FDA panel: risks of Roche drug for breast cancer patients outweigh benefits in key studyBy AP
Tuesday, July 20, 2010
FDA panel: Study did not show benefit with Avastin
WASHINGTON — Federal health advisers said unanimously Tuesday that a follow-up study of the Roche drug Avastin failed to show meaningful benefits for breast cancer patients.
A Food and Drug Administration panel of experts voted 13-0 that the risks and side effects of Avastin outweighed its benefits when used alongside the chemotherapy drug docetaxel.
The FDA in 2008 approved Avastin for breast cancer patients based on a trial showing it lengthened the amount of time until the disease worsened by more than five months. As a condition of approval, Roche was required to conduct follow-up studies to further demonstrate the benefits of adding Avastin to conventional chemotherapy.
But two follow-up studies recently submitted by the Swiss drugmaker did not show the same degree of delay in cancer progression as earlier studies. Patients taking Avastin did not show a significant improvement in life span, the gold standard of cancer treatment effectiveness.
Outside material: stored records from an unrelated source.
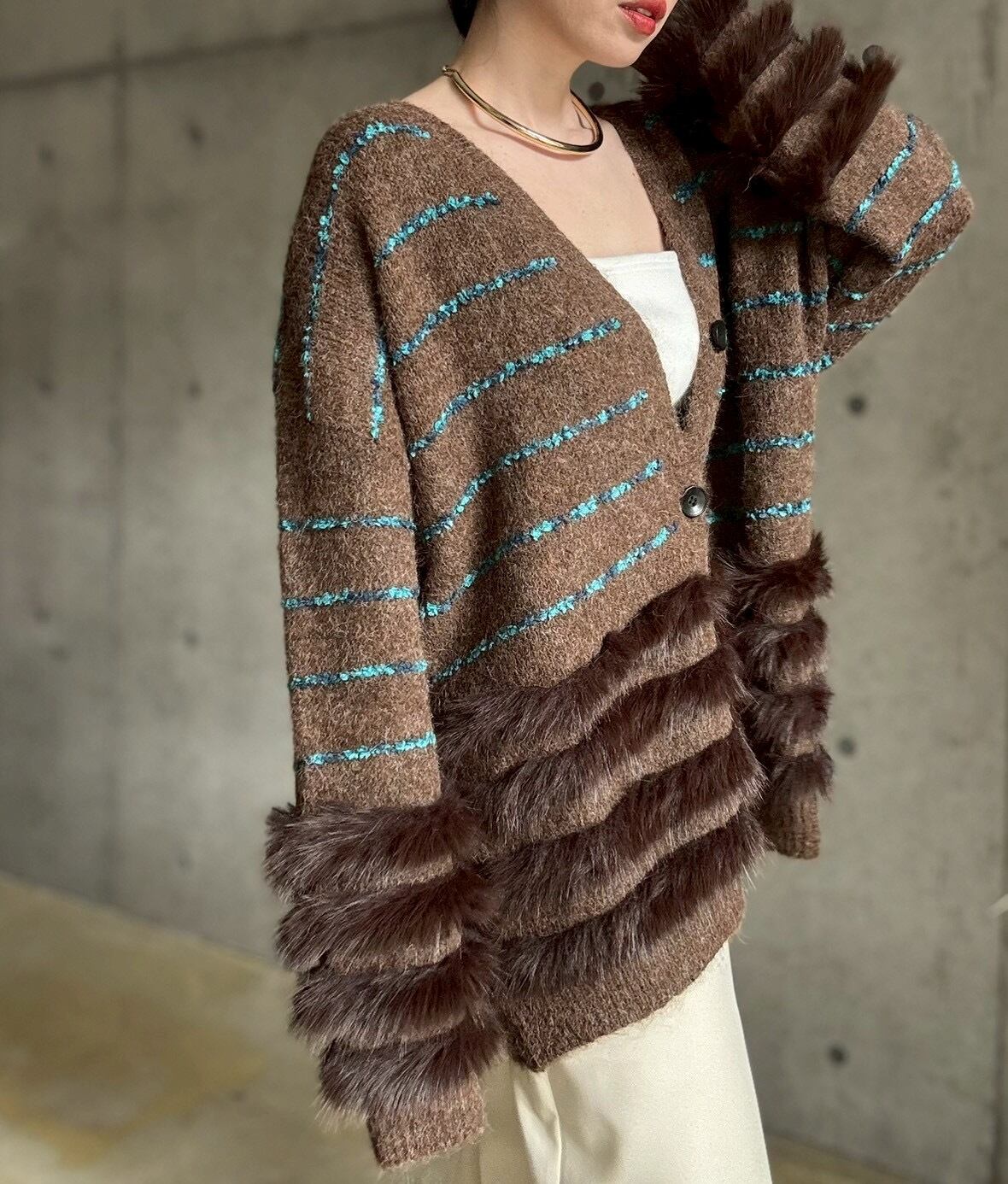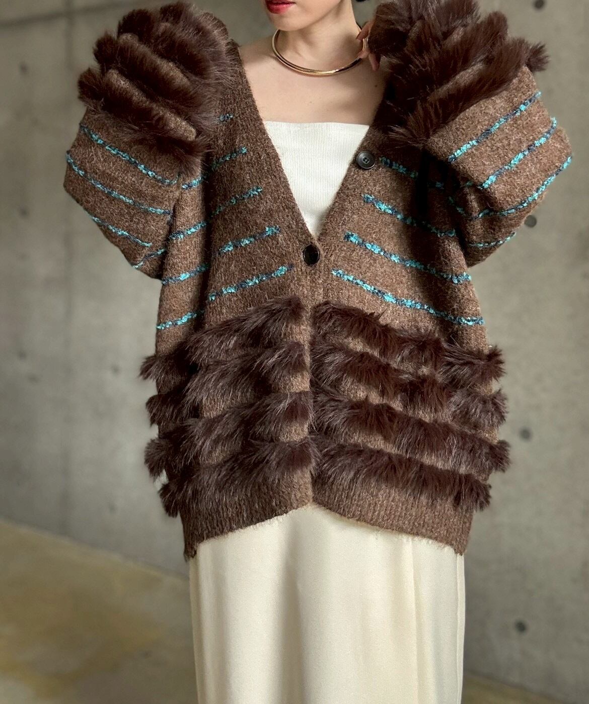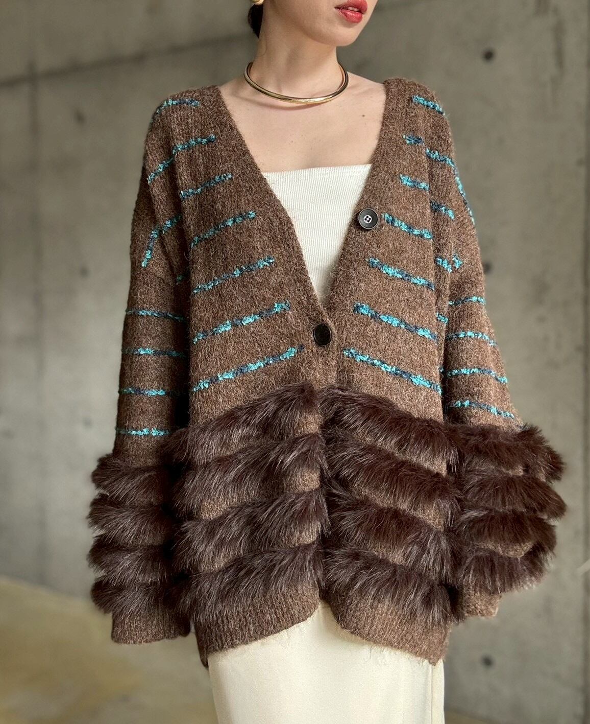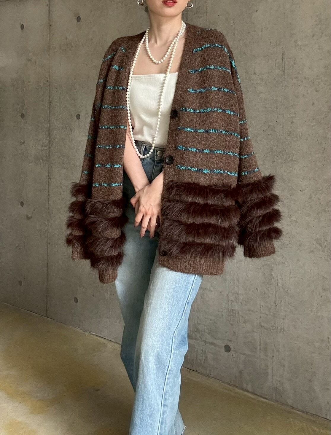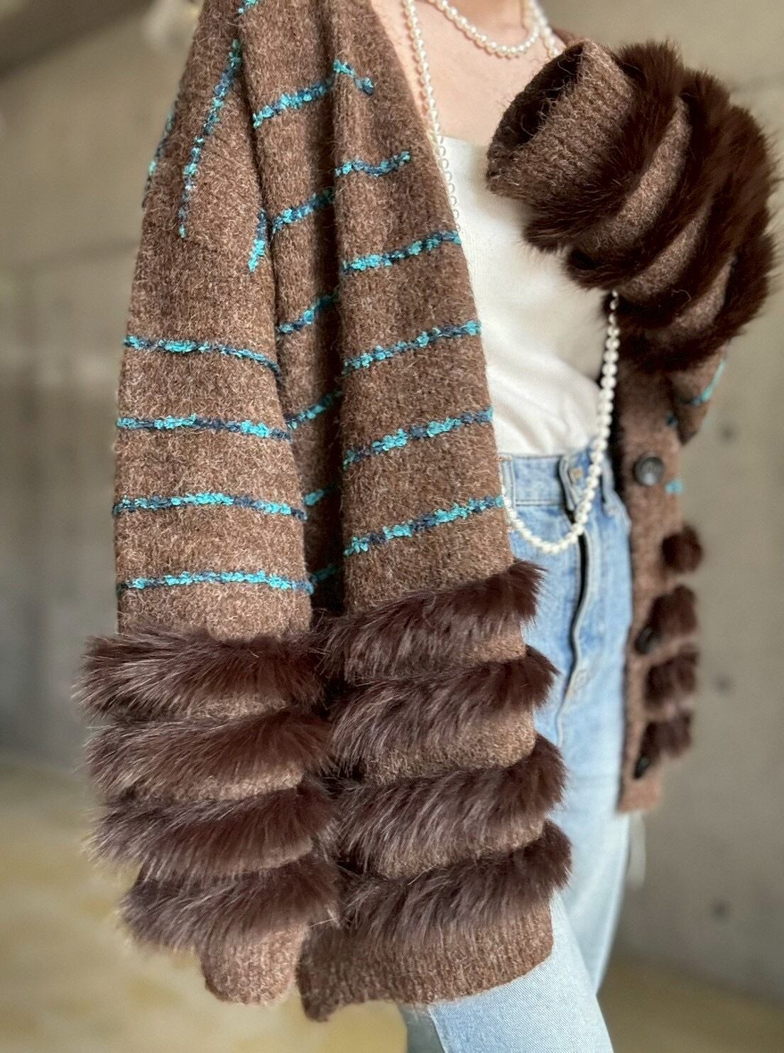 肌触りの良いファーをあしらったボリュームカーディガン✨
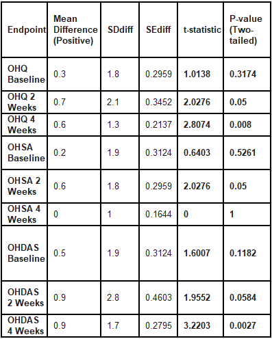 Running a paired sample t-test on the difference scores does yield statistically significant results on many of the endpoints.
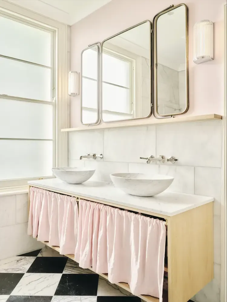 Why this works: bathrooms often have limited windows, and reflective surfaces act as an affordable substitute for extra glazing. Mirrors also disguise awkward angles, making rooms feel balanced. For the cost, few other design features offer such a big impact.
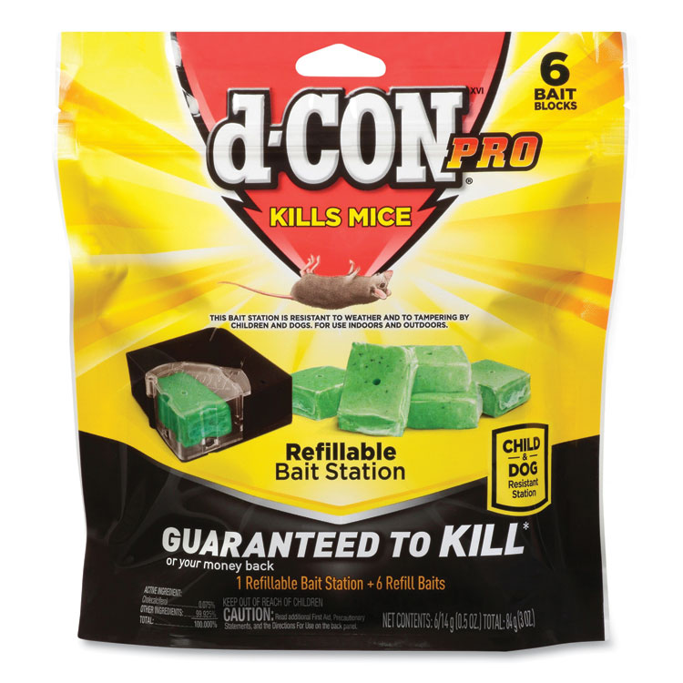 This refillable bait station is ready to gono work necessary on your part. Product is weather-, child- and dog-resistant, so it's safe to use around your home. Good for both indoor and outdoor use. Its low profile makes it an excellent choice for discreet usage and for use in high traffic areas. 6 Refills. Rodent Control Product Type: Poison; Application: Indoor/Outdoor; Target: Mice; Dimensions: 3" x 3" x 1 1/4".

Additionally, patients taking Avastin reported significant side effects, including high blood pressure, fatigue and abnormal levels of white blood cells.
Roche scientists argued that patients taking Avastin experienced improved quality of life as tumor growth and other symptoms slow — but panelists were not convinced.
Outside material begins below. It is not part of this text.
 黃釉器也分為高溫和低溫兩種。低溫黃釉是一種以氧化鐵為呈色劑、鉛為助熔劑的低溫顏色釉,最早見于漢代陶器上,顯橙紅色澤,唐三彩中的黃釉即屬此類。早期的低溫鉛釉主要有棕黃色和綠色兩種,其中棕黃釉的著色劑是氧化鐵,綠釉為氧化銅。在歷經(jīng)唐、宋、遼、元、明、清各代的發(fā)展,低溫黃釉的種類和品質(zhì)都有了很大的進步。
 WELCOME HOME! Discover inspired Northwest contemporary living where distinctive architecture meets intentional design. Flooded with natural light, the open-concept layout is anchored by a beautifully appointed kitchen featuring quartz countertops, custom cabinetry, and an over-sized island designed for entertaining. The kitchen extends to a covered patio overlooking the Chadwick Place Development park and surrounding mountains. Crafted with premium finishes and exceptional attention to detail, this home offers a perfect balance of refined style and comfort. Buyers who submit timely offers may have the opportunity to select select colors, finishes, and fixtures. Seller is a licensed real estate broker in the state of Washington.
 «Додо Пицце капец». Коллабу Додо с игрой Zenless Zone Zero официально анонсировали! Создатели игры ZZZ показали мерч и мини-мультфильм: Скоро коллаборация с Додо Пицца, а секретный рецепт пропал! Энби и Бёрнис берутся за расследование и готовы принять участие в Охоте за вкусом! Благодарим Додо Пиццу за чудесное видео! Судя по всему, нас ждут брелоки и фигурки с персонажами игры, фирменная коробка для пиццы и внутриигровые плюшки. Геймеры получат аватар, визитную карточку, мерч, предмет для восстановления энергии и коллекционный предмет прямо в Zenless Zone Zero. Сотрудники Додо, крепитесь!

“The study shows there’s very little benefit to patients with significant toxicity risks and no clear survival benefit,” said Natalie Compagni Portis, the panel’s patient representative.
The FDA panel of cancer experts is reviewing the results of the two Roche studies and voting on whether they show a clear benefit for patients. The FDA is not required to follow the advice of its panelists, though it often does.
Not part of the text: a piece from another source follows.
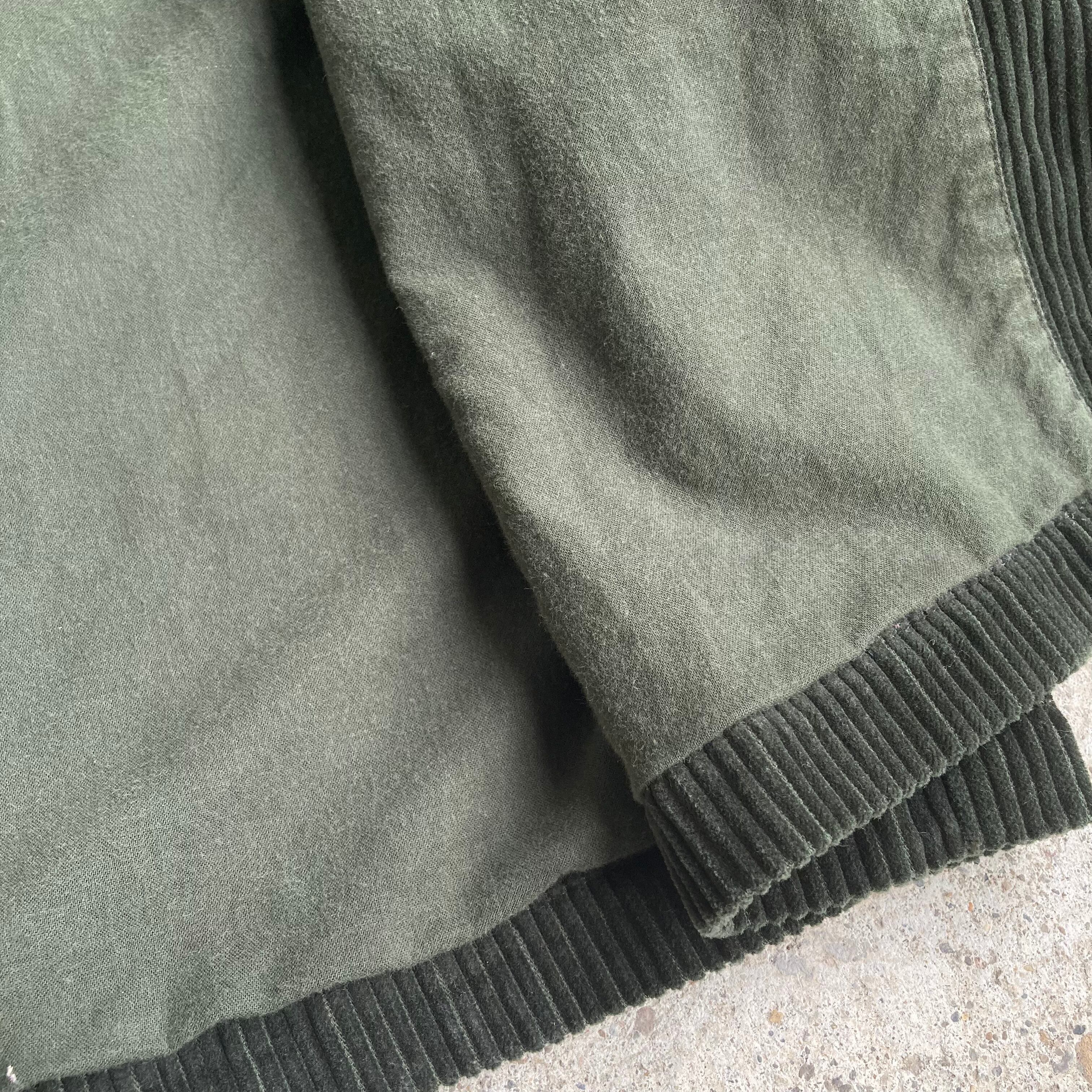 エディーバウアーのコーデュロイジャケットになります。ダークグリーンの色味と太畝コーデュロイが秋らしい雰囲気の1着となっております。ladies商品ですが、XLの オーバーサイズ ですのでmensでも問題無く着て頂けると思います。
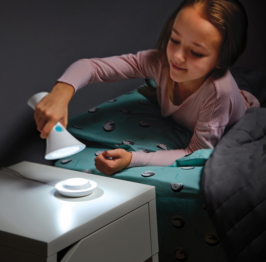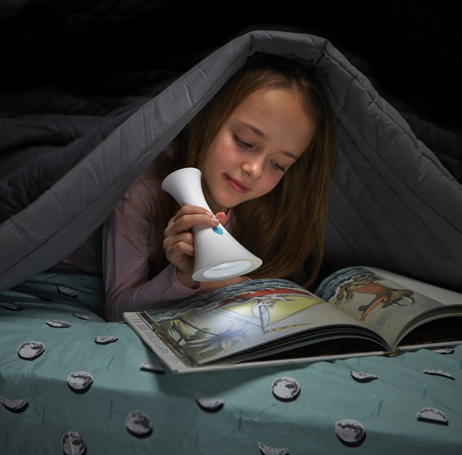 Forget ghoulies and ghosties and long-leggedy beasties, nothing will go bump in the night here. That’s because Gleam keeps the bedroom safe and sound with magical starry skies projected in a spectrum of colors. Want to check under the bed for good measure? It automatically turns into a flashlight when removed from its base. Sweet dreams, little ones.

Later this afternoon the panel will vote on whether Avastin’s approval in breast cancer should be withdrawn. Avastin is also approved for colon, lung, kidney and brain cancer.
Avastin was Roche’s top-selling cancer treatment last year with global sales of $5.9 billion.
Breast cancer is the second most common cause of cancer death among U.S. women, according to the Centers for Disease Control. Last year more than 40,000 deaths in the U.S. were attributed to the disease.